- Exercise data:
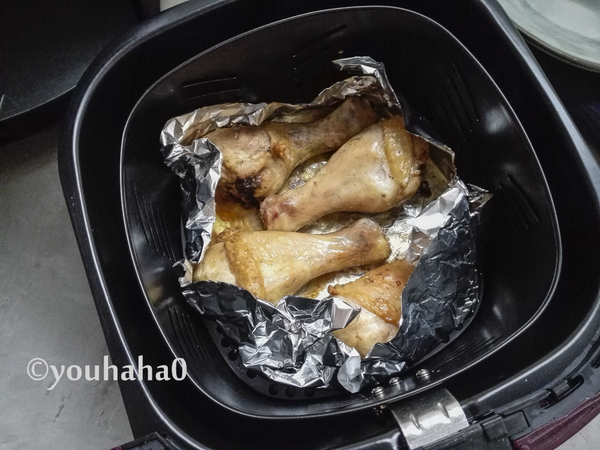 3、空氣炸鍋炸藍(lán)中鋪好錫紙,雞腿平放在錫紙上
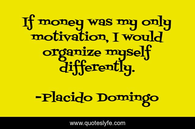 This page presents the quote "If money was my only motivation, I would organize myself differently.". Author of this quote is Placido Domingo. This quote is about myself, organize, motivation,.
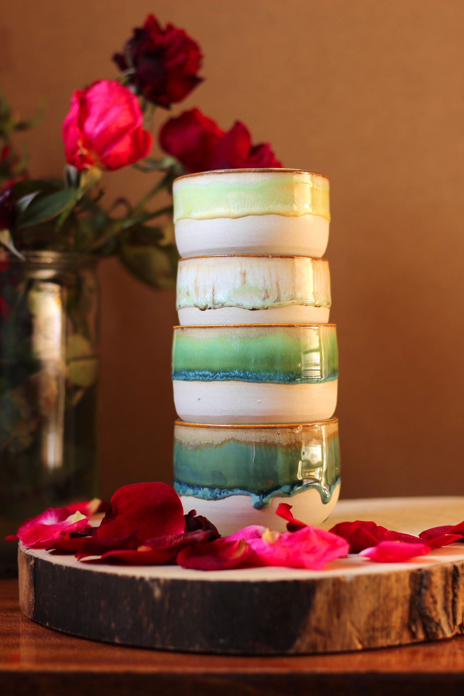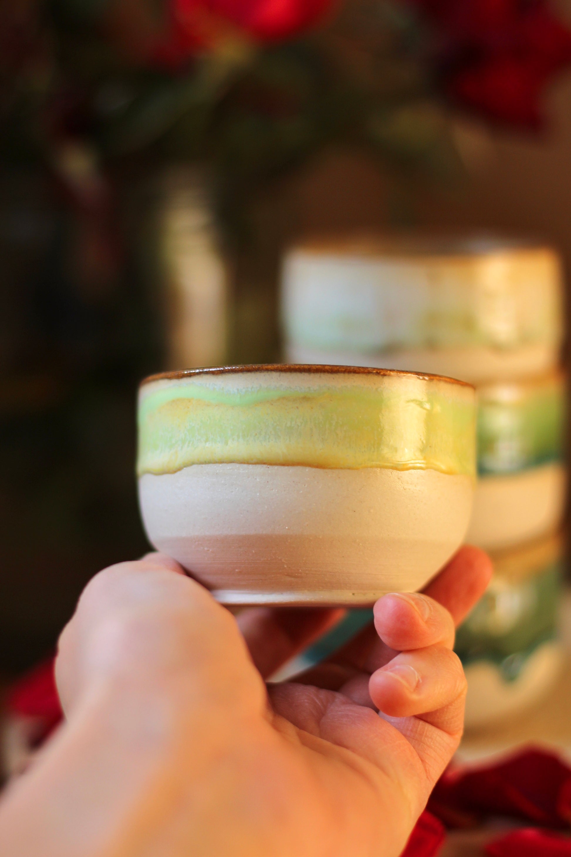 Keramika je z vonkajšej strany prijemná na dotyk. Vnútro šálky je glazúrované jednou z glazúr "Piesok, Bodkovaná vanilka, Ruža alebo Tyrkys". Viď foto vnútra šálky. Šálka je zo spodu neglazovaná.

- Assignment:
Reproduce the data above in full, exactly as it is, with the pictures left out.

- Answer to this task:
 3、空氣炸鍋炸藍(lán)中鋪好錫紙,雞腿平放在錫紙上
 This page presents the quote "If money was my only motivation, I would organize myself differently.". Author of this quote is Placido Domingo. This quote is about myself, organize, motivation,.
 Keramika je z vonkajšej strany prijemná na dotyk. Vnútro šálky je glazúrované jednou z glazúr "Piesok, Bodkovaná vanilka, Ruža alebo Tyrkys". Viď foto vnútra šálky. Šálka je zo spodu neglazovaná.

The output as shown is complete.